This is an automated email from the ASF dual-hosted git repository.
apitrou pushed a commit to branch main
in repository https://gitbox.apache.org/repos/asf/arrow.git
The following commit(s) were added to refs/heads/main by this push:
new 2d76d9a526 GH-35519: [C++][Parquet] Fixing exception handling in
parquet FileSerializer (#35520)
2d76d9a526 is described below
commit 2d76d9a526f9827283bb7dfac60715b6ad4aec34
Author: mwish <[email protected]>
AuthorDate: Tue May 16 00:32:37 2023 +0800
GH-35519: [C++][Parquet] Fixing exception handling in parquet
FileSerializer (#35520)
### Rationale for this change
Mentioned in https://github.com/apache/arrow/issues/35519
### What changes are included in this PR?

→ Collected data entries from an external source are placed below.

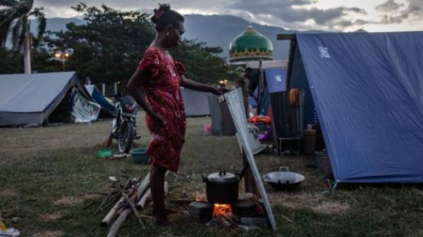 Sebagian bantuan untuk warga yang terkena dampak bencana sudah sampai di tangan mereka, termasuk tenda-tenda penampungan. (Foto: ULET IFANSASTI/GETTY IMAGES)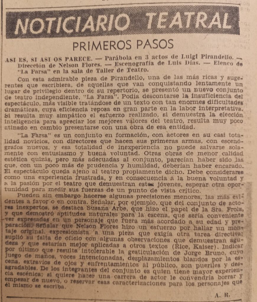 99 Primeros pasos. (Así es, si os parece, de Luigi Pirandello, por La Farsa). Acción, julio 1, 1957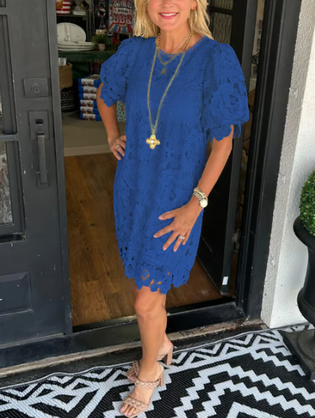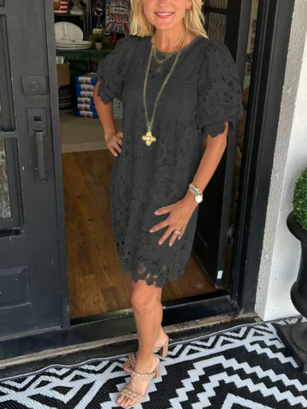 Elegante e raffinato, il nostro mini abito in pizzo floreale naturale è l'aggiunta perfetta al tuo guardaroba.🌷🌷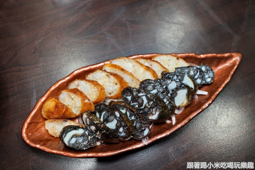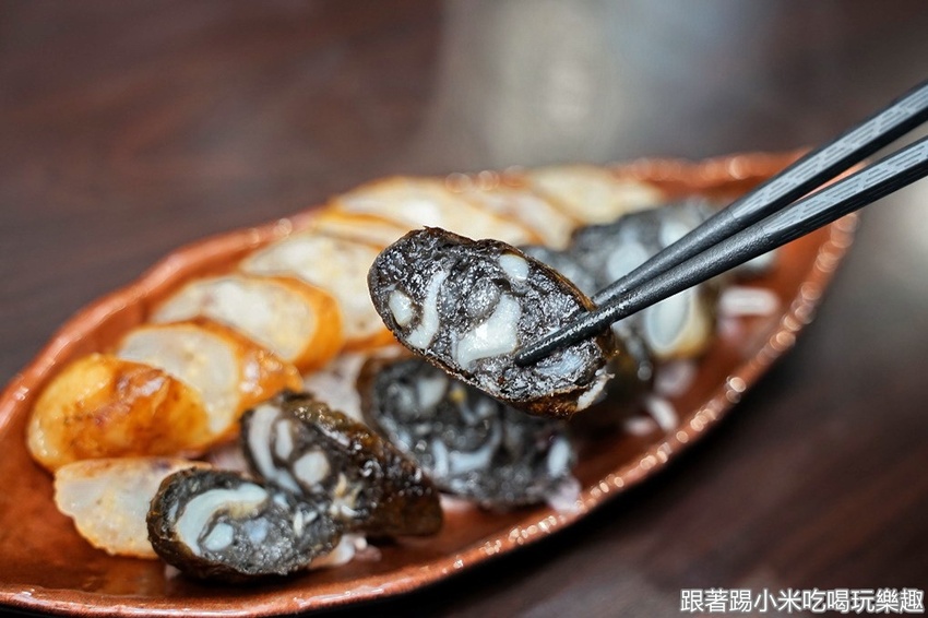 烤雙色香腸(160元)是墨魚跟飛魚卵不同口味的香腸組合,烤香腸的火侯控制的不錯,外皮烤得有點帶酥的口感。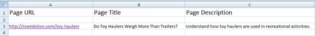 In addition to crawling your site and all the pages, you’ll need to export all the results into an Excel (or .csv) file. You’ll create three key columns of data to help you simplify the entire process.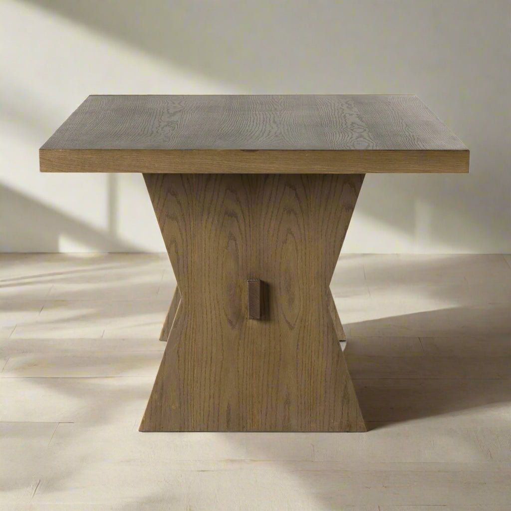 Inspired by European antiques, grand scaling and bowtie-shaped legs serve plenty of presence. A single stretcher adds a traditional feel to this refreshed altar table. Seats 10 comfortably.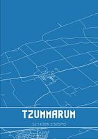 Blauwdruk van de landkaart / plattegrond van de Nederlandse plaats Tzummarum, gelegen in gemeente Waadhoeke, provincie Fryslan. De kaart bevat alle openbare wegen en de coördinaten van het centrum van Tzummarum.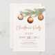 Convite de festas de Natal neutro minimalista com galho de pinheiro de aquarela decorado com ornamentos de bola de Natal.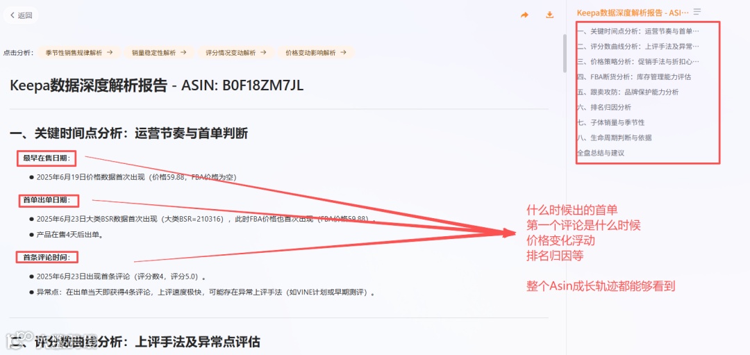 通过Keepa AI数据解读,我们可以将整个Asin的成长轨迹一目了然,包括它什么时候出的首单,第一个评论是什么时候发生的,一路以来的价格变化浮动,以及排名归因等等。

Exception handling in `CheckRowsWritten`
### Are these changes tested?
No, I don't know how to mock it currently
### Are there any user-facing changes?
no
* Closes: #35519
Authored-by: mwish <[email protected]>
Signed-off-by: Antoine Pitrou <[email protected]>
---
cpp/src/parquet/file_writer.cc | 19 ++++++++++---------
1 file changed, 10 insertions(+), 9 deletions(-)
diff --git a/cpp/src/parquet/file_writer.cc b/cpp/src/parquet/file_writer.cc
index 57067bc533..c91567e70d 100644
--- a/cpp/src/parquet/file_writer.cc
+++ b/cpp/src/parquet/file_writer.cc
@@ -219,17 +219,16 @@ class RowGroupSerializer : public
RowGroupWriter::Contents {
closed_ = true;
CheckRowsWritten();
- for (size_t i = 0; i < column_writers_.size(); i++) {
- if (column_writers_[i]) {
- total_bytes_written_ += column_writers_[i]->Close();
+ // Avoid invalid state if ColumnWriter::Close() throws internally.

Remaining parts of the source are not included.